Installation and quick start

HDRFS is a single Python program, with one dependency (fusepy) which is available in Ubuntu 17.04 and above:

# apt install python3-fusepy

Alternatively, you can get fusepy from here: https://github.com/terencehonles/fusepy. If you don't want to install fusepy, you can just download fuse.py save it as fusepy.py in the same directory as hdrfs.py.

Once fusepy is installed, download hdrfs.py and launch it like this:

$ ./hdrfs.py /path/to/mount/point

By default, it will create Log and Index files in the current directory. This can be changed using options. View all options as follows:

$ ./hdrfs.py --help

Non-features

• HDRFS does not compress data. If you wish to compress your data, use an underlying filesystem which supports compression (such as btrfs), or compress the volume files manually (this will take them offline - you must uncompress them before HDRFS will be able to read from them).

• HDRFS does not encrypt data. If you wish to encrypt your data, use an underlying filesystem which supports encryption, or take the volume files offline and encrypt them using another tool. If you have a strong need for data security, you should consult a security professional.

• HDRFS does not store parity data. Thanks to the use of checksums, data corruption in an HDRFS volume can be detected - but it cannot be fixed. Instead, HDRFS relies on its underlying filesystem to provide RAID-like features.

• HDRFS does not enforce permissions checks. Permission bits, owners, and groups are recorded faithfully, but not used to grant or deny access.This means you can chown or chmod a file to whatever you like. This non-feature is consistent with HDRFS being a single-user personal filesystem. HDRFS makes no attempt to support locking.

• HDRFS is not a high-performance multi-user filesystem. Although you could run a database server on it, performance may be problematic. Any application which writes and overwrites lots of transient data is likely to generate unmanageably large and useless Log files.

How does a filesystem help make backups easier?

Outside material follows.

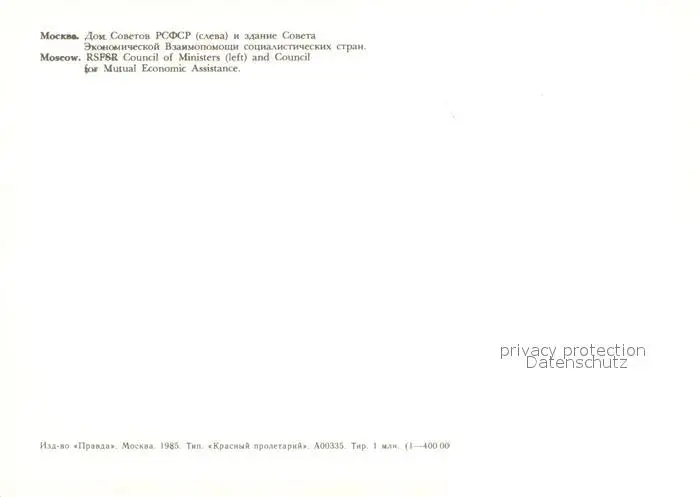Moscow_Moskva RSFSR Council of Ministers and Council for Mutual Economic Assistance Moscow Moskva postalisch nicht gelaufen 1985 Erhaltung siehe scans [FriedD77] Frierer

HDRFS's primary benefit is its volume management. It is very simple to manage a small number of large files which never change. You can take backups and layer on compression, encryption and erasure coding, and because the volumes never change, you only have to do this once. If you go to the effort of dividing your data into n erasure-coded blocks hosted on n different cloud storage providers, you don't want to have to repeat that when you do your next backup.

How does HDRFS operate with offline volumes?

HDRFS maintains an index holding filesystem metadata. This allows you to mount the filesystem without any data volumes being available. You can also mount the filesystem with only some volumes available, for example with some transferred to tape and taken offline. As long as the most recent volume is available, you can even write to the filesystem. One possible use case for this might be an archive which needs to hold large files indefinitely, reorganise them and add metadata over time, but rarely access the actual data in the files.

The index is not part of the HDRFS specification, and you don't strictly need to back it up: if it's missing at startup, HDRFS will regenerate it. You might still want to back it up because the regeneration process can be slow, and requires all volumes to be online.

How do I use the history feature?

By default, HDRFS will create a directory at the root its filesystem named history. You can change the name of this top-level folder if you wish, using the --history-directory option. Within the history directory there are folders corresponding to change events. By default, there will be a folder for every day on which data was written, plus folders representing the first and last writes. The first folder will always be empty. You can use the --history-directory-granularity option to change the granularity of these directories - anything from year to microsecond.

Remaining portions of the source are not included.